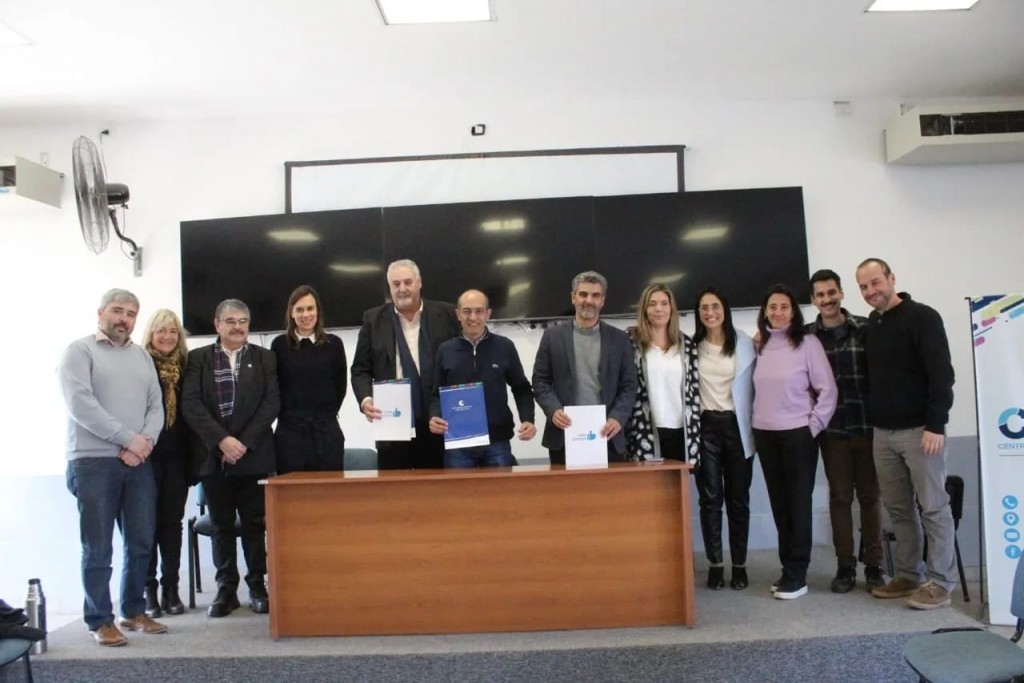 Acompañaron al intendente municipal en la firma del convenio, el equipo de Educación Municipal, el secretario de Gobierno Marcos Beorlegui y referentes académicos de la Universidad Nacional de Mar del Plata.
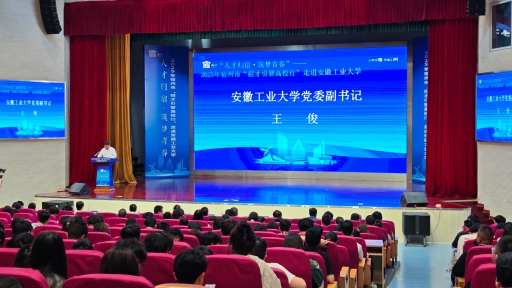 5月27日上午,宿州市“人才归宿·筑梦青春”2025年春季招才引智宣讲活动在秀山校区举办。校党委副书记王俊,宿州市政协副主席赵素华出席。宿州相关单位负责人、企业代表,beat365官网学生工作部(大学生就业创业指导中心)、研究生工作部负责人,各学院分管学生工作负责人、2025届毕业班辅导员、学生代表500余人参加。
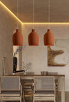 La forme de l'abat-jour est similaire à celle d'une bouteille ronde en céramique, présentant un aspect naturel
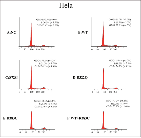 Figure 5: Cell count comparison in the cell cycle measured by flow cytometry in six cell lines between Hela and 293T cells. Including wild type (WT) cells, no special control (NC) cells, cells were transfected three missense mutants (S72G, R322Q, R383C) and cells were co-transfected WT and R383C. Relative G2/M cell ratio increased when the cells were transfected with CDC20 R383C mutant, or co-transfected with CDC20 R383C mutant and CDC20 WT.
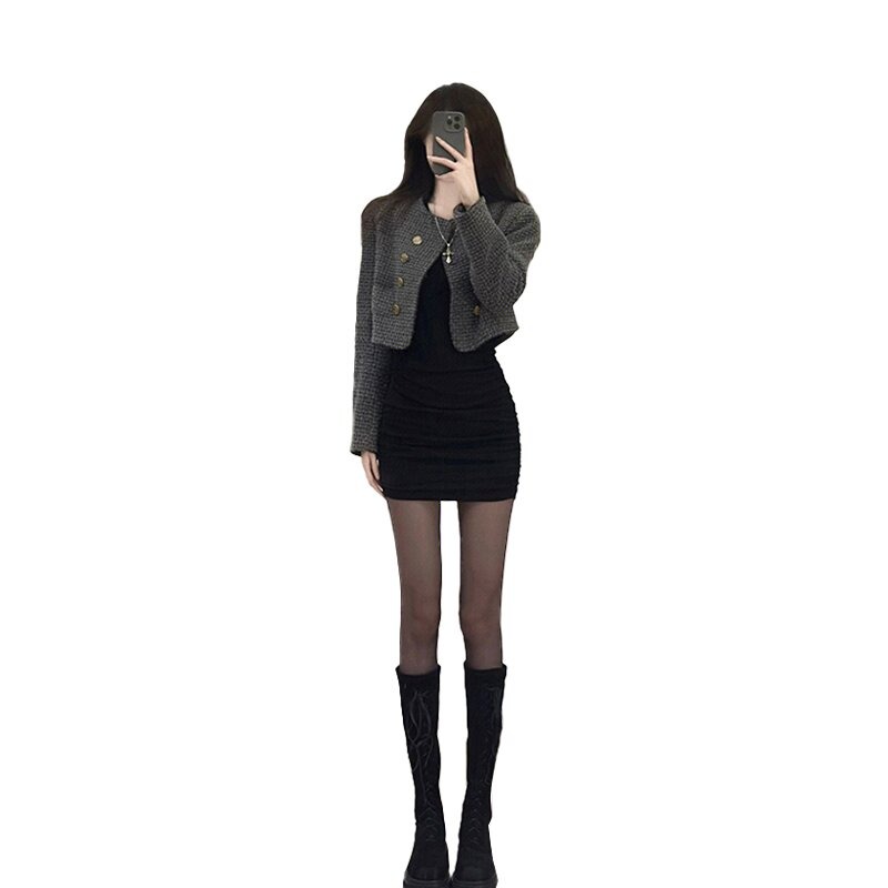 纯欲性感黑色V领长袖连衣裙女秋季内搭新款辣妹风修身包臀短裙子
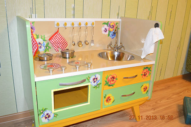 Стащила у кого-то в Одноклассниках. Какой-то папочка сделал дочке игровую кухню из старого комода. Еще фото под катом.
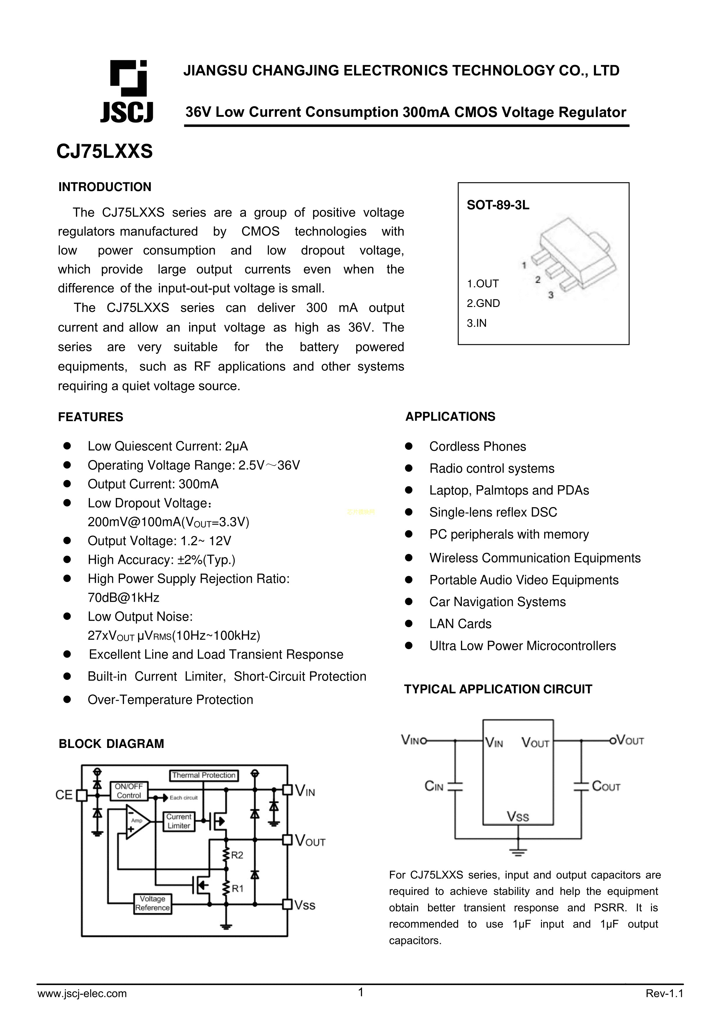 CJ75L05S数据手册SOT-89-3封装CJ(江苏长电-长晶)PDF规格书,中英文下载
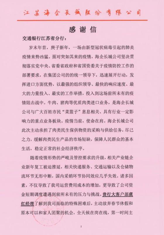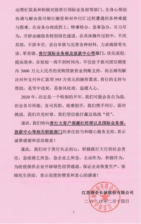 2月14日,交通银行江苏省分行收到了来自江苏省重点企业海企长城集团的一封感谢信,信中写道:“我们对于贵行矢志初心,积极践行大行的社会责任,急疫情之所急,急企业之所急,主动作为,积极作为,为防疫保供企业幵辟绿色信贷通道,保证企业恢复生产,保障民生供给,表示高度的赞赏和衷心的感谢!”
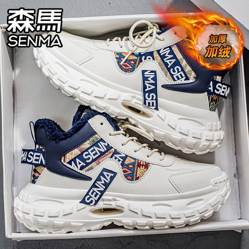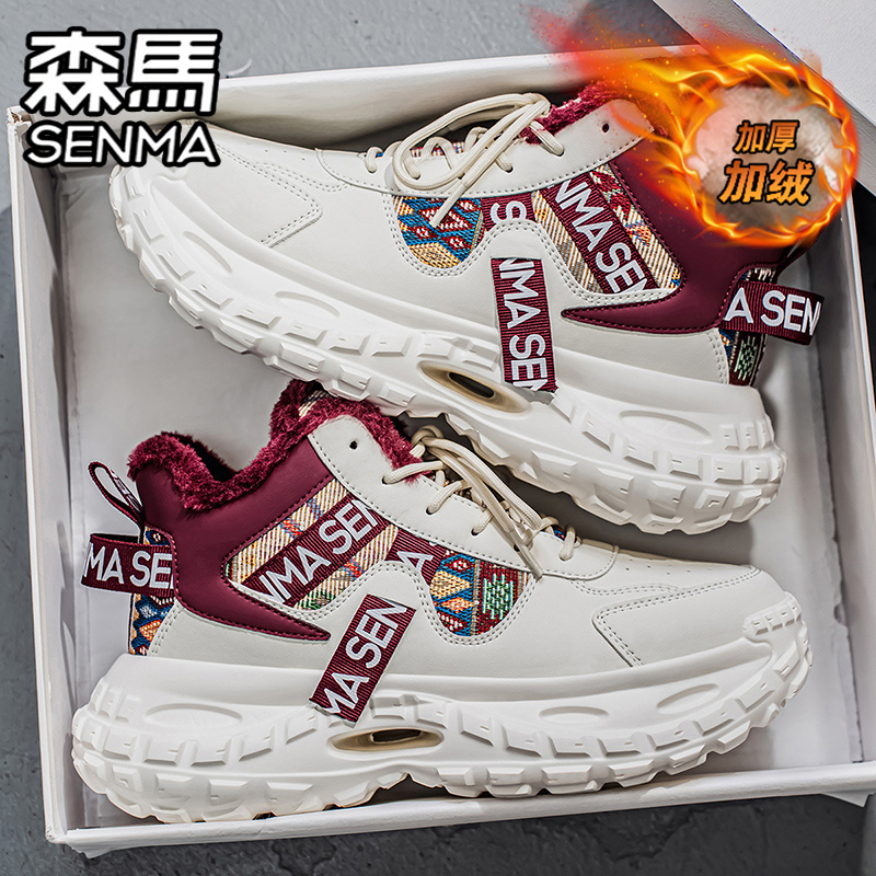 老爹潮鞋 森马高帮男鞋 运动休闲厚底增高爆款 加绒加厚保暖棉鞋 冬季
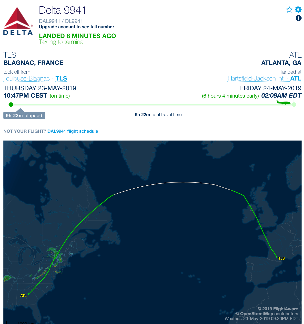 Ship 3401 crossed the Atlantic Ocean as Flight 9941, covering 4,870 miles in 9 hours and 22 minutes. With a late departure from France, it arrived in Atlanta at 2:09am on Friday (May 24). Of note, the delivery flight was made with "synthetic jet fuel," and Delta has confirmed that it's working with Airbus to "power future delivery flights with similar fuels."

------------

## What the exercise asks
Return the data above in its exact wording, with none of the pictures.

## Exercise response
 Acompañaron al intendente municipal en la firma del convenio, el equipo de Educación Municipal, el secretario de Gobierno Marcos Beorlegui y referentes académicos de la Universidad Nacional de Mar del Plata.
 5月27日上午,宿州市“人才归宿·筑梦青春”2025年春季招才引智宣讲活动在秀山校区举办。校党委副书记王俊,宿州市政协副主席赵素华出席。宿州相关单位负责人、企业代表,beat365官网学生工作部(大学生就业创业指导中心)、研究生工作部负责人,各学院分管学生工作负责人、2025届毕业班辅导员、学生代表500余人参加。
 La forme de l'abat-jour est similaire à celle d'une bouteille ronde en céramique, présentant un aspect naturel
 Figure 5: Cell count comparison in the cell cycle measured by flow cytometry in six cell lines between Hela and 293T cells. Including wild type (WT) cells, no special control (NC) cells, cells were transfected three missense mutants (S72G, R322Q, R383C) and cells were co-transfected WT and R383C. Relative G2/M cell ratio increased when the cells were transfected with CDC20 R383C mutant, or co-transfected with CDC20 R383C mutant and CDC20 WT.
 纯欲性感黑色V领长袖连衣裙女秋季内搭新款辣妹风修身包臀短裙子
 Стащила у кого-то в Одноклассниках. Какой-то папочка сделал дочке игровую кухню из старого комода. Еще фото под катом.
 CJ75L05S数据手册SOT-89-3封装CJ(江苏长电-长晶)PDF规格书,中英文下载
 2月14日,交通银行江苏省分行收到了来自江苏省重点企业海企长城集团的一封感谢信,信中写道:“我们对于贵行矢志初心,积极践行大行的社会责任,急疫情之所急,急企业之所急,主动作为,积极作为,为防疫保供企业幵辟绿色信贷通道,保证企业恢复生产,保障民生供给,表示高度的赞赏和衷心的感谢!”
 老爹潮鞋 森马高帮男鞋 运动休闲厚底增高爆款 加绒加厚保暖棉鞋 冬季
 Ship 3401 crossed the Atlantic Ocean as Flight 9941, covering 4,870 miles in 9 hours and 22 minutes. With a late departure from France, it arrived in Atlanta at 2:09am on Friday (May 24). Of note, the delivery flight was made with "synthetic jet fuel," and Delta has confirmed that it's working with Airbus to "power future delivery flights with similar fuels."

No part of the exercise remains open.